Fixed use case when bundle start level will be set within an bundle activator, test case FrameworkStartLevelImplTest #190

Open
wants to merge 6 commits into
base: master
Choose a base branch
from

Conversation

JochenHiller
Copy link

We found problems when manipulating start levels from a bundle activator.
This test case can reproduce that, see console logs.

We can also extend that to check on results adding some assertions

@JochenHiller
Copy link
Author

Related to https://issues.apache.org/jira/browse/FELIX-6586

@JochenHiller
Copy link
Author

JochenHiller commented Dec 16, 2022

@karlpauls @cziegeler I added now a proposal for a fix of the test case.

From my point of view there are two problems happening:

  1. When a bundle start level will be changed from a bundle activator which is started by FrameworkStartLevel thread, the way to process that is by default asynchronous.
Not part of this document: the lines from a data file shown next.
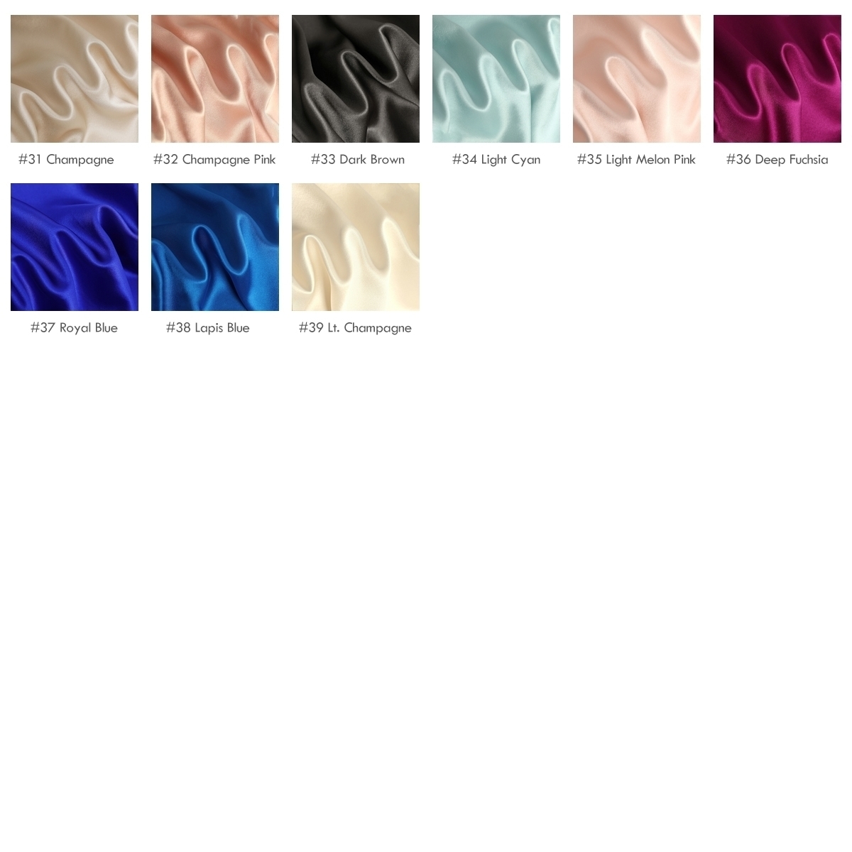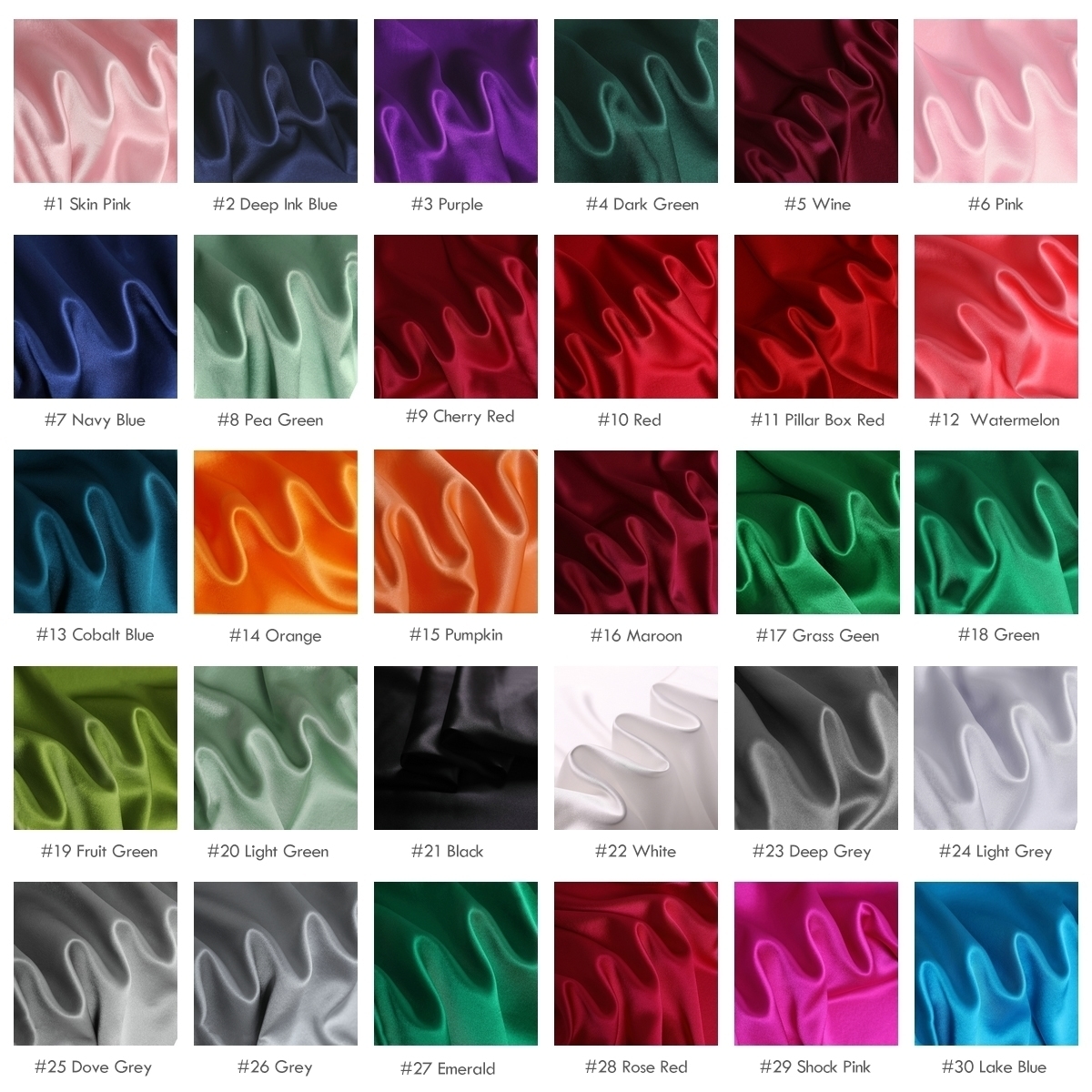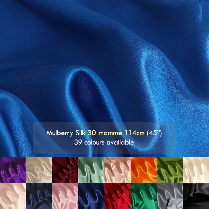 High-quality luxury 30 momme mulberry silk satin fabrics, 45″(114cm) 100% natural Mulberry Silk charmeuse fabrics, this thickness is a heavyweight type, can be used for Pajamas, dress shirts, pillowcases, bedding products | 39 colors, which can be called silk satin or silk charmeuse, one side of the fabric surface is satin, very smooth, and the other is crepe.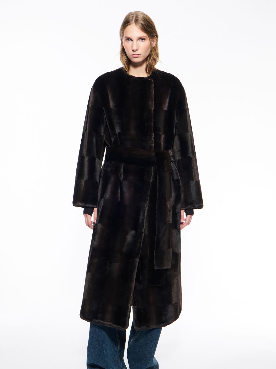 Brown Isa belted faux fur coat, Stand Studio, €630, at Brown Thomas.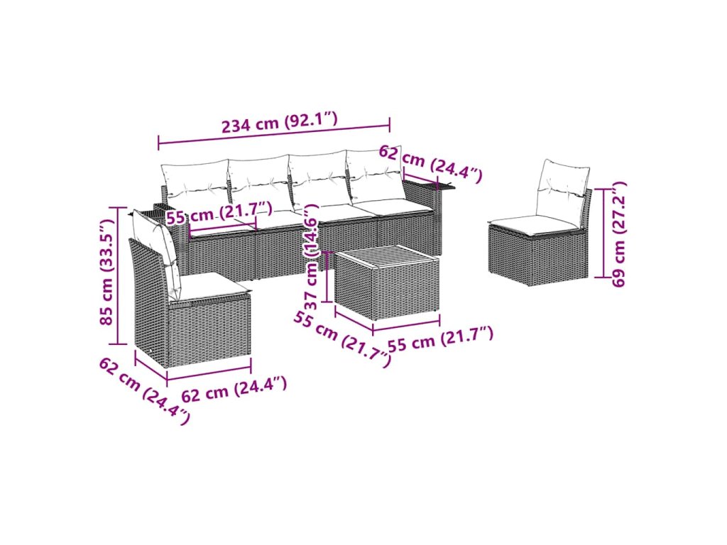 Tato zahradní sedací souprava je dokonalým doplňkem vaší zahrady, terasy nebo dvorku a poskytne vám pohodlné a příjemné místo, kde si můžete povídat s rodinou a přáteli nebo jen tak odpočívat a užívat si pobyt venku.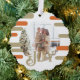 Joy, Photo Template Christmas holiday card ornament with bold modern pattern - add your own photo and text to this Unique Ornament Card from Ricaso - featured with a trendy pattern background in muted sage green and orange tones and a delightful typography text of JOY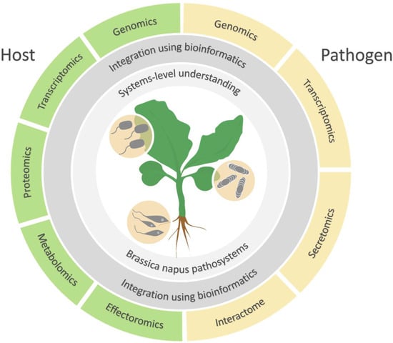 Here, we review the current status of the application of omics technologies to understand the molecular aspects of host–pathogen interactions in B. napus and other Brassica crops. We first discuss the application of omics technologies in the host, in relation to the identification of candidate QTL/R genes. We then discuss progress in pathogen research, focusing on the application of omics tools in the discovery of pathogenicity genes. Lastly, we review future perspectives and prospects for the utilisation of omics technologies in Brassica–pathogen research for breeding high-quality, more-resistant crop varieties.
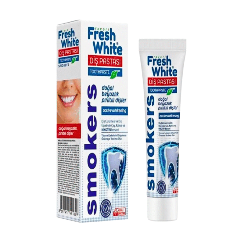 Dentifrice Fresh White Smokers 90g, spécialement conçu pour éliminer les taches liées au tabac et redonner éclat et fraîcheur à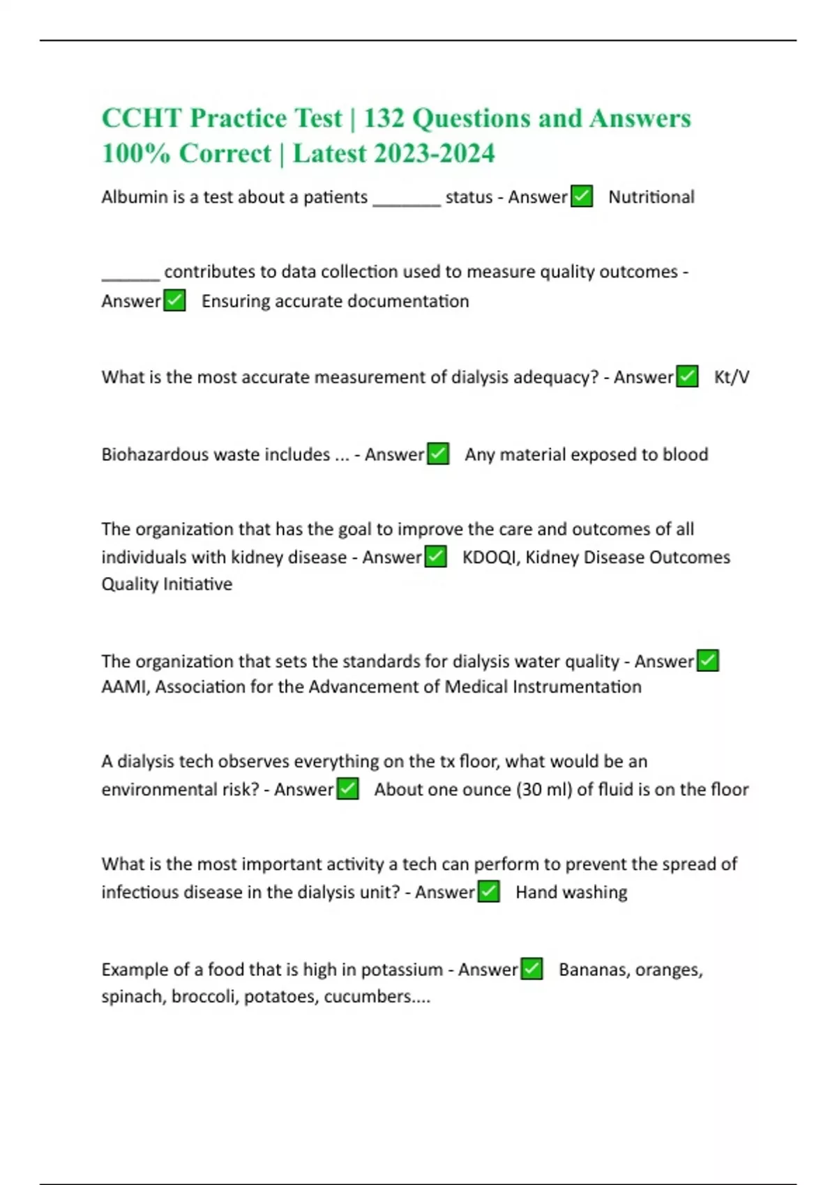 CCHT Practice Test | 132 Questions and Answers 100% Correct | Latest

Which does not work when bundle startup is already done by FrameworkStartLevel thread, so the processing has to be done in current thread synchronous by calling m_felix.setBundleStartLevel() on Felix framework

  2. When this method m_felix.setBundleStartLevel() will be called, there is already a computed TreeMap of m_startLevelBundles in Felix. This list contains the bundle with old start level. So new start level requested needs to be updated by removing old tuple and adding new tuple to get it in right sort-order in TreeMap.

I found that by adding a huge number of debug messages. I will leave them in for your testing. If you would agree on change, I would remove all debug output again, and do some re-formatting of code to Felix code style.
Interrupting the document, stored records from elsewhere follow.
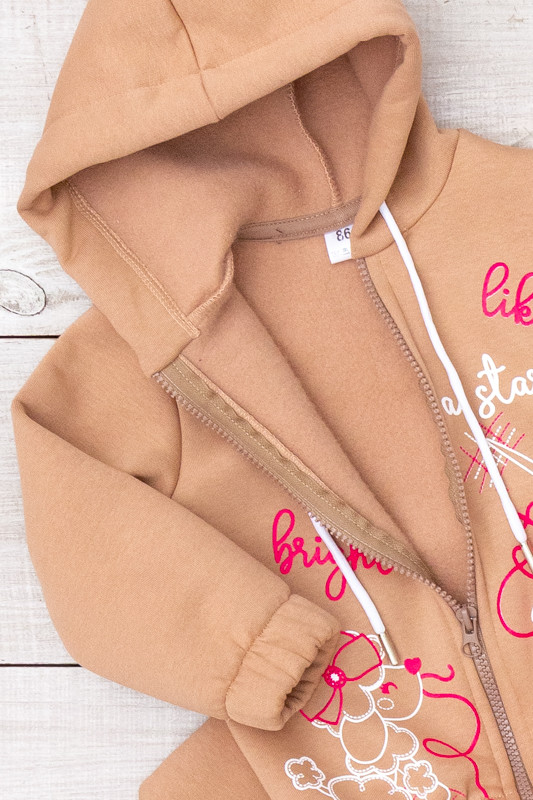 Ясельний комплект ТМ ‘’Трикотажний край’’ виготовлений з якісного футера (тринитка з начосом). Кофта на замку та штанці - ідеальна комбінація дитячого комплекту! Кофточка з принтом смайлика, капюшон оснащений декоративним шнурком, край кофтинки,рукавів та штанців оброблені резинкою. Малюку буде комфортно і дуже затишно в такому комплекті!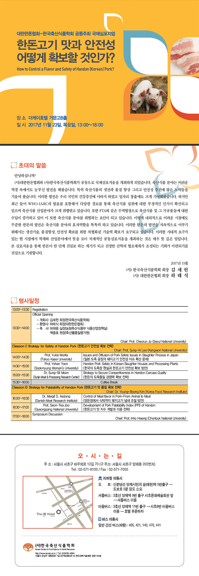 [한국축산식품학회] 대한한돈협회-한국축산식품학회 공동주최 국제심포지엄
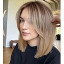 parrucca marrone scuro castano scuro biondo castano ramato con frangia parrucche naturali corte e diritte per le donne parrucche sintetiche lunghe fino alle spalle per il cosplay quotidiano |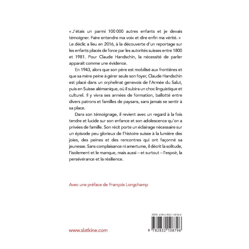 En 1943, alors que son père est mobilisé aux frontières et que sa mère peine à gérer seule son foyer, Claude Handschin est placé dans un orphelinat genevois de l’Armée du Salut, puis en Suisse alémanique, où il subira un choc linguistique et culturel. Il y vivra ses années de formation, ballotté entre divers patrons et familles de paysans, sans jamais se sentir à sa place.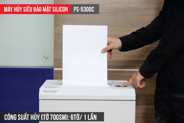 - Máy hủy tài liệu Silicon PS-5300C được thiết kế linh hoạt, tính thẩm mỹ cao, độ ồn thấp, khi sử dụng máy không ảnh hưởng đến năng suất làm việc của con người.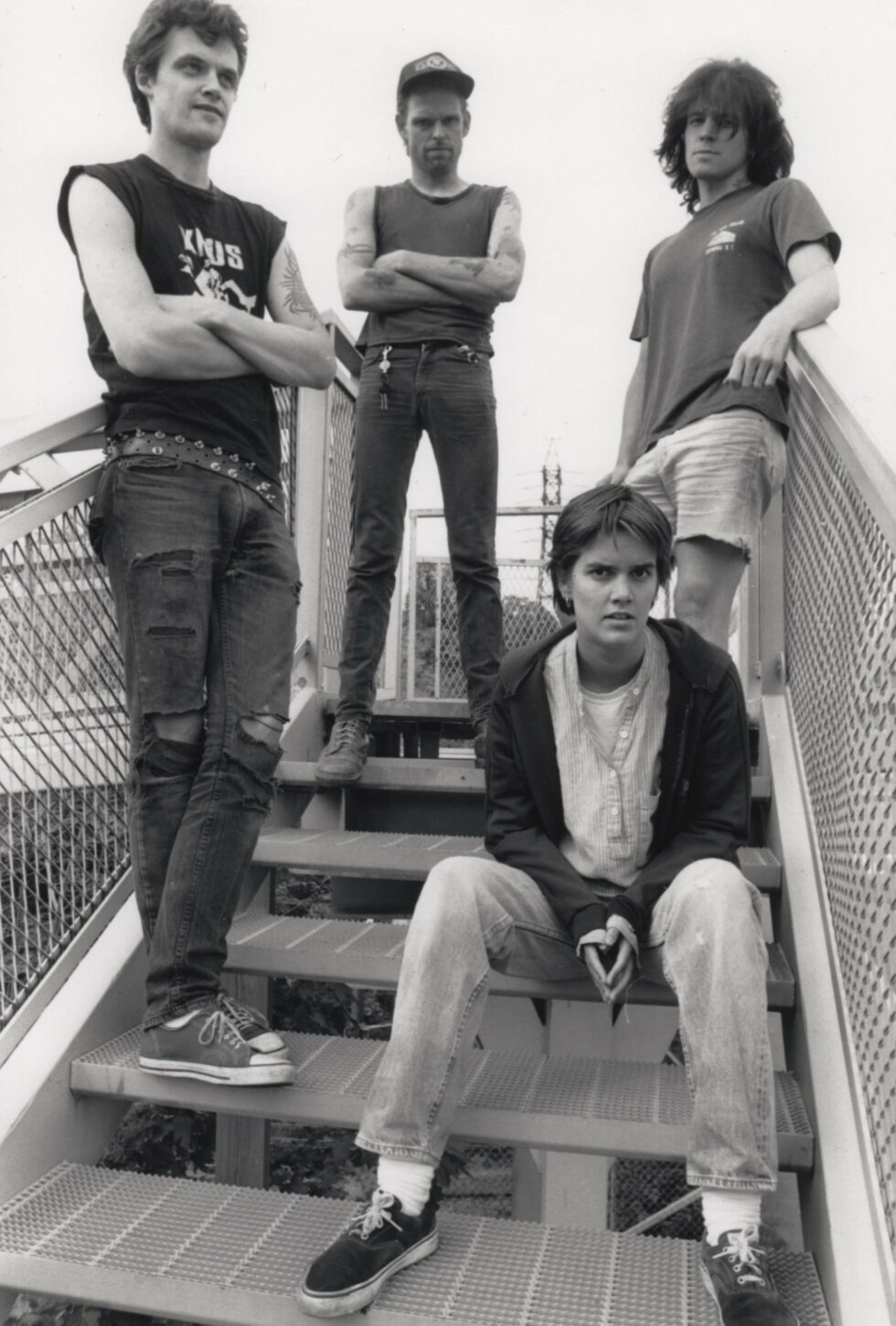 Life... But How To Live It? i 1990. Fra venstre: Tor (bass), Dyret (trommer), Roger (gitar). Foran: Katja (vokal). (Foto: Håvard Houen.)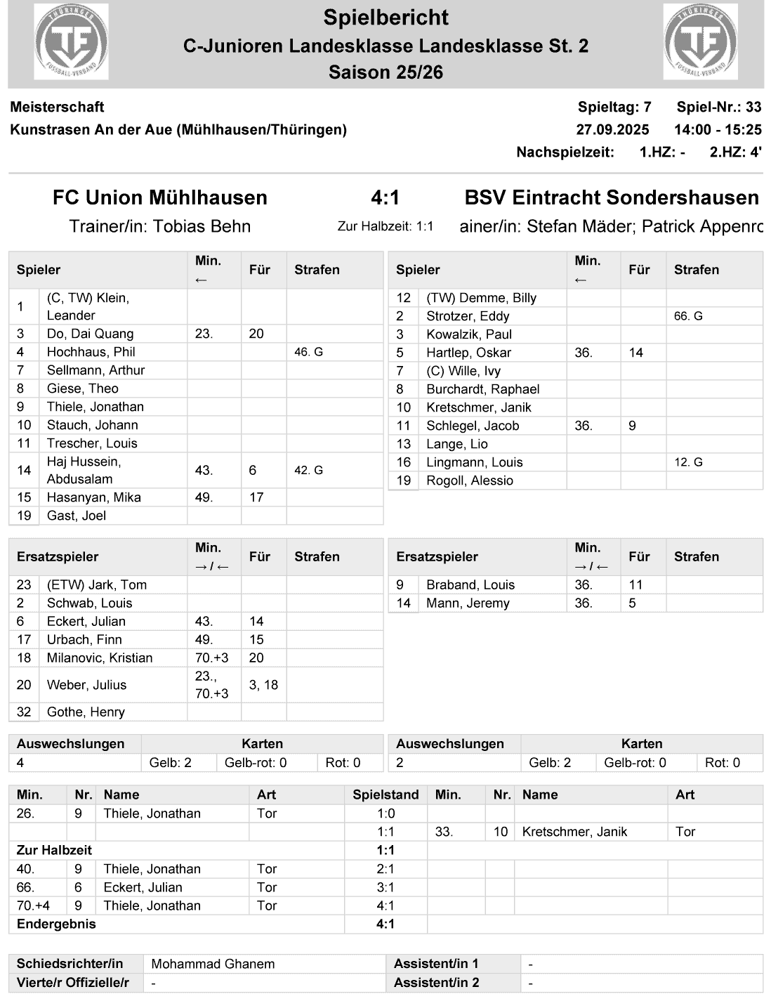 | FC Union Mühlhausen | 4 : 1 | BSV Eintracht Sondershausen |

My tests are running fine, also the whole Felix framework tests did also work well.
Do you consider to re-run OSGi TCK test suite for a complete test? I can offer to support on that as well if helpful.

@JochenHiller JochenHiller changed the title Added test case for FrameworkStartLevelImpl Fixed use case when bundle start level will be set within an bundle activator, test case FrameworkStartLevelImplTest Dec 16, 2022
@tjwatson
Copy link
Member

  1. When a bundle start level will be changed from a bundle activator which is started by FrameworkStartLevel thread, the way to process that is by default asynchronous. Which does not work when bundle startup is already done by FrameworkStartLevel thread, so the processing has to be done in current thread synchronous by calling m_felix-setBundleStartLevel() on Felix framework

I'm not in the position to review this change, but I will state that the specification requires that the start-level value be persisted synchronously, but then the actual act of starting or stopping the bundle be done asynchronously in reaction to the bundle start-level being changed with org.osgi.framework.startlevel.BundleStartLevel.setStartLevel(int). That should include being done by the actual start-level processing thread.

If a bundle changes another bundles start-level during the start-level processing such that the bundle must be stopped or started according to the current start level then that operation must be queued up to happen asynchronously. That is until the current start-level framework setting is fully processed to the "final" start-level. Any bundles that have not been processed yet should use the synchronously persisted start-level value for the bundle. Any bundles that have already been processed by the framework start-level change operation will "catch-up" after the "final" framework start-level has be reached and processed. That is they will get the async job that got queued up run at this point to either stop/start the bundle according to the current state of the framework start-level and the bundle's start-level.

@JochenHiller
Copy link
Author

Thanks a lot for your comment @tjwatson

If a bundle changes another bundles start-level during the start-level processing such that the bundle must be stopped or started according to the current start level then that operation must be queued up to happen asynchronously. That is until the current start-level framework setting is fully processed to the "final" start-level. Any bundles that have not been processed yet should use the synchronously persisted start-level value for the bundle. Any bundles that have already been processed by the framework start-level change operation will "catch-up" after the "final" framework start-level has be reached and processed. That is they will get the async job that got queued up run at this point to either stop/start the bundle according to the current state of the framework start-level and the bundle's start-level.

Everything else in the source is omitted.